Most authors have emphasized the highly malignant potential of
this entity. Wide local excision is the appropriate surgical treatment.
If wide margins cannot be achieved, radical excision or even amputation
is required1,2. Regional lymphadenectomy
is not obligatory. Primary clear-cell sarcomas of bone have been
reported sporadically, but unequivocal proof of osseous origin will
probably remain impossible10-13.
Therefore, it has been suggested that the term clear-cell
sarcoma should be reserved for tumors arising in soft tissue14. The most common sites of metastatic
spread include the regional lymph nodes, lungs, skeletal system,
liver, and heart1,6. The frequency
of skeletal involvement ranges between 15% and 26%7,15,16. Although there have been rare
reports of primary clear-cell sarcoma arising in the hand, to our
knowledge this is the first description of metastasis to the carpus6,12,17.

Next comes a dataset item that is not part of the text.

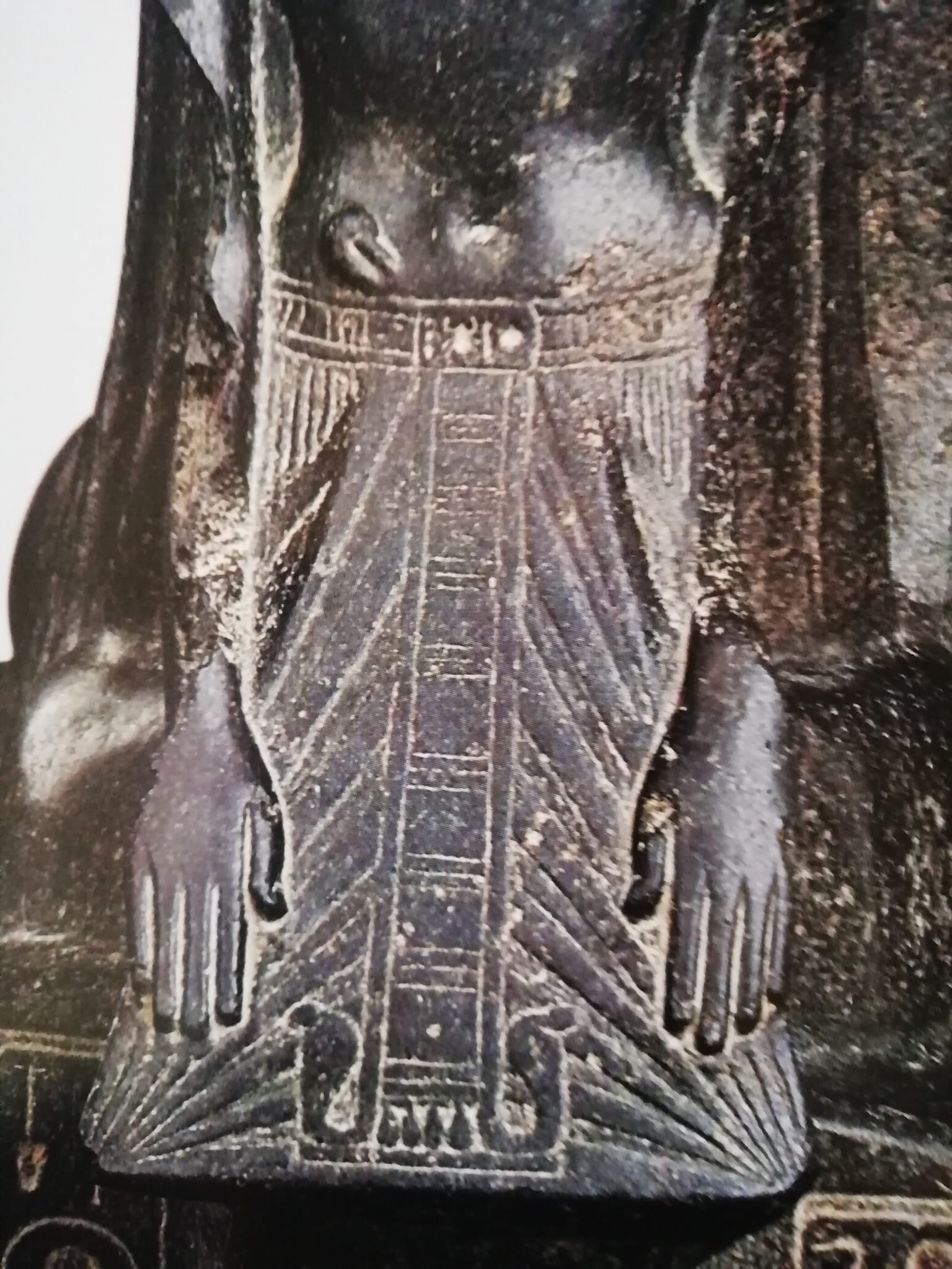 La banda del gonnellino è decorata da una fascia che parte dalla cintura e termina in basso con due urei.

A limb-salvage procedure that preserves basic hand function is
justified even in a patient with local recurrence of a clear-cell
sarcoma18. Retrospectively, however,
the indication for an en bloc excision of the capitate
can be reappraised. Because widespread metastases developed in our
patient within a short period of time following this operation,
less radical options, such as curettage followed by use of cement
or grafting of the capitate, are worth considering. However, these
procedures would necessarily have left tumor behind, and the patient chose
the more extensive procedure.
Initial staging had failed to demonstrate the carpal involvement.

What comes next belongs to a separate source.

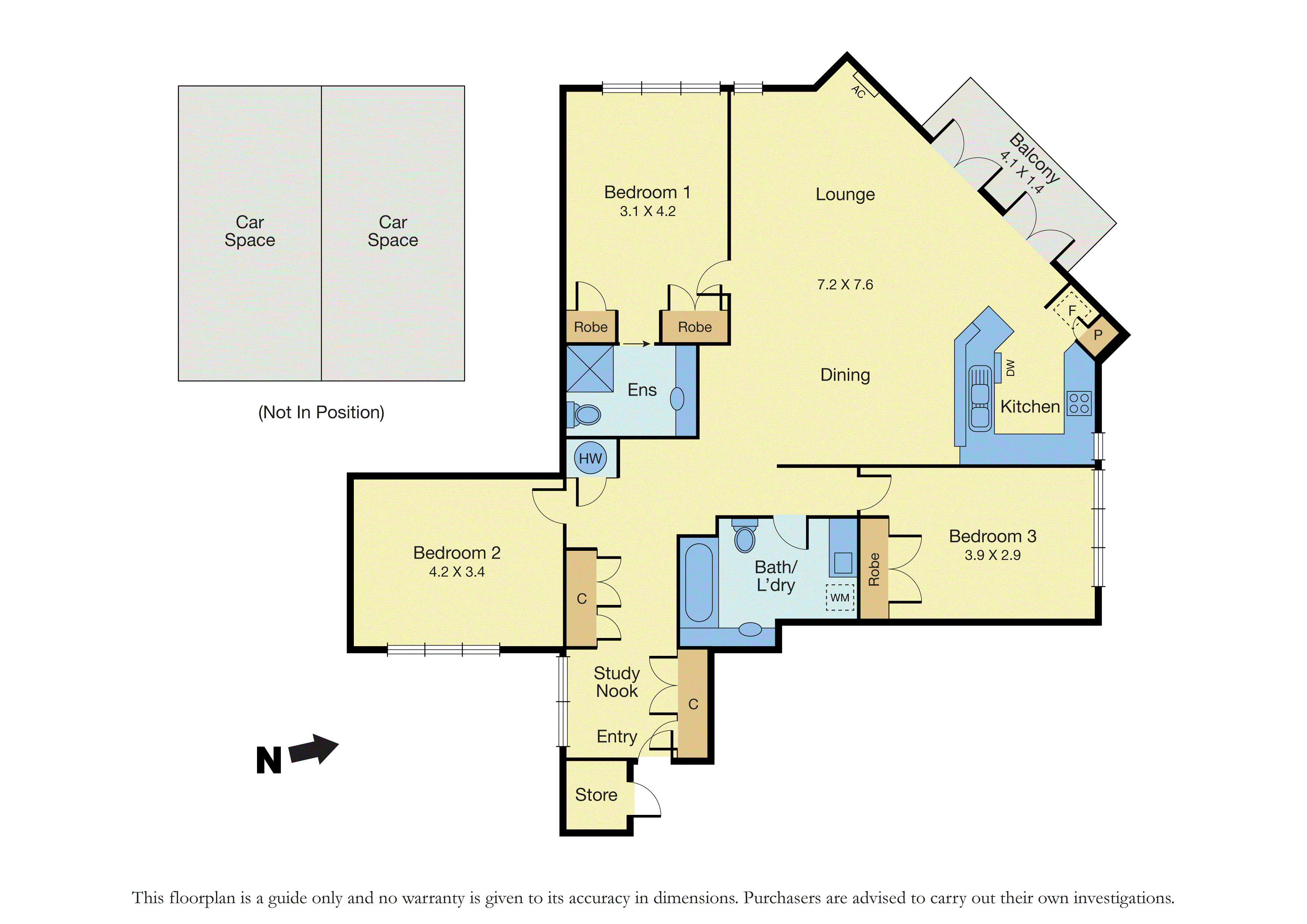 The main bedroom includes built-in robes and a private ensuite. Two additional bedrooms are serviced by a central bathroom with bath, shower, and integrated laundry, offering flexibility for family living, guests, or a home office. A study nook sits just inside the entry, set apart from the living spaces and ideal for working from home.

Secondary staging had failed to identify further dissemination.
Since the carpus was the site of the initial metastatic manifestation,
we believe that the extremities should be included in the bone scans
of these patients to avoid missing a distal metastasis.
Many authors have proposed the use of positron emission tomography
for the staging of malignant melanoma. The sensitivity of detection
of distant metastasis is higher than 90%, and positron
emission tomography can demonstrate these lesions earlier than can
other conventional imaging techniques19-23.
Since 1997, all patients with a soft-tissue sarcoma of an extremity
treated at our institution have been included in a clinical trial
to evaluate the role of positron emission tomography in the detection
of occult regional nodal or distant metastatic disease at the time
of presentation.
When radiographs demonstrate an osteolytic lesion of the capitate,
the diagnosis is very rarely a primary tumor24.
Metastatic tumors of the hand, from any primary site, are also very
uncommon. In a review of 163 cases reported in the literature, only
five such tumors were located in the capitate25.
Once a metastatic clear-cell sarcoma in the hand or wrist has been
confirmed, further tumor spread is probable. Since the prognosis
is very poor, with a median duration of survival of only five months,
a limb-preserving procedure rather than an amputation through
the forearm should be performed whenever possible26.
The unique feature of the case reported here is the initial metastasis
to the capitate. To our knowledge, this has not been documented
previously in association with soft-tissue sarcoma.